Wie erkenne ich eine Pankreatitis bei meinem Hund?

Bauchschmerzen, Teilnahmslosigkeit, Appetitlosigkeit und Erbrechen sind die häufigsten Anzeichen bei Hunden mit einer Pankreatitis. Daneben können auch Fieber, Schwäche und Durchfall vorkommen.

Wie wird eine Pankreatitis beim Hund behandelt?

Neben dem Absetzen auslösender Medikamente erfolgt in der Regel eine symptomatische Therapie — je nach Krankheitsanzeichen etwa Medikamente gegen Übelkeit, Schmerzmittel oder Infusionen. Allen Behandlungen gemeinsam ist die Ernährungsumstellung auf fettreduziertes Futter. In vielen Fällen hat sich zudem die dendritische Zelltherapie als hilfreich für die Heilung des Krankheitsgeschehens erwiesen.

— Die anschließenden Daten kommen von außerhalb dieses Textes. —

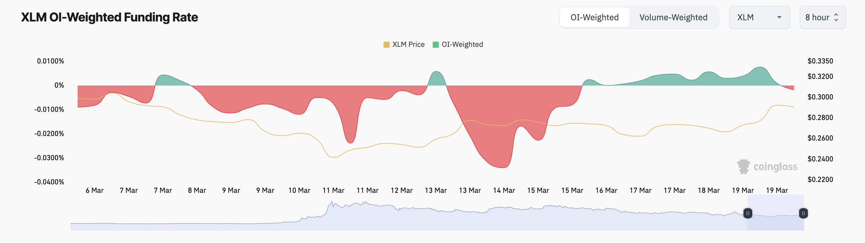 นอกจากนี้ อัตราการระดมทุนของ XLM ได้เปลี่ยนเป็นลบเป็นครั้งแรกในหกวัน ซึ่งเน้นถึงอคติขาลงที่เพิ่มขึ้น ต่อ altcoin ขณะนี้ตัวเลขอยู่ที่ -0.0018%

Was muss ich bei der Ernährung eines Hundes mit Pankreatitis beachten?

Die Umstellung auf ein fettreduziertes, leicht verdauliches Futter ist bei allen Pankreatitis-Patienten ein wichtiger Bestandteil der Behandlung. Dadurch wird der Stoffwechsel des Hundes entlastet, und die klinischen Symptome verbessern sich sichtbar. Die Futterration sollte zudem in kleinen Portionen über den Tag verteilt werden.

Wie lange muss mein Hund das Diätfutter bekommen?

Das Diätfutter sollte so lange gegeben werden, bis der Tierarzt einer erneuten Umstellung zustimmt — manchmal ist auch eine lebenslange Ernährungsumstellung notwendig. Ob dafür ein Fertigfutter gewählt oder selbst für den Hund gekocht wird, bleibt dem Besitzer überlassen.